Rhodes shrugged. “Holy Rood was never like that. It’s always been a gutless place. Not long before Cobb and me arrived, the town stood back and let an outlaw gang hang their sheriff, a young feller by the name of Bob Wickham. By all accounts he was a good man. I think Cobb got wind of the hanging and that’s why he chose Holy Rood as his place of residence. Probably reckoned he could do anything he wanted in this town.”
Sedley had finished eating and he listened intently to what the old man was saying. “And he’s sure done anything he wanted,” he said.
Rhodes nodded. “First sensible thing I’ve heard you say, Reb.”
“How does a town get to be like this one?” Ruby said. “How can it exist?”

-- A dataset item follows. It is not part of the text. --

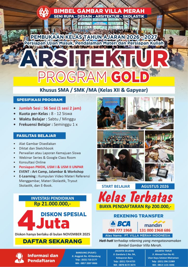 Program kelas Khusus XII SMA atau Alumni untuk mempersiapkan diri menghadapi seleksi masuk Arsitektur UNPAR atau Perguruan Tinggi lainnya baik didalam maupun luar negeri.

“I don’t know,” Rhodes said. “A bunch of gutless folks happening to congregate in one place can only be called a freak of nature.”
“And such a gathering attracts predators like Hank Cobb and his ilk,” Sally said.
“You got that right, young lady,” Rhodes said.
Ruby gave Rhodes a pained stare.
“Is there nobody?”
Rhodes took his time to answer, and then he said, “Ruby, I’ll he’p you any way I can, short of meeting Hank Cobb gun-to-gun in the street. And there’s Will Granger the blacksmith. Like me, Cobb leaves him alone, though he pays him to shackle prisoners. Will is a strong man who hates what this town has become. He just might throw in with us.”
“Can you bring him here, Matt?” Ruby said.
Thunder rumbled overhead and rain slanted across the open door of the livery.
Rhodes nodded. “You stay here. I’ll go talk with Will.”
Lightning filled the stable with shimmering light and then thunder banged again. The horses whinnied and kicked at their stalls.
Rhodes took a yellow slicker from a hook and shrugged into it.
“I can’t give any guarantees,” he said, picking up his rifle. “If Will says no, then there’s an end to it as far as I’m concerned.”
He stepped to the door and turned his head, his eyes searching the ridge.
“Cobb’s up there, keeping the folks at work,” he said.
The old man stepped into the street then stopped as lightning flashed, followed almost immediately by a roar of thunder.
“These summer storms can kill folks,” Rhodes said, water sluicing off the brim of his hat. “It must be hell up there on the ridge.”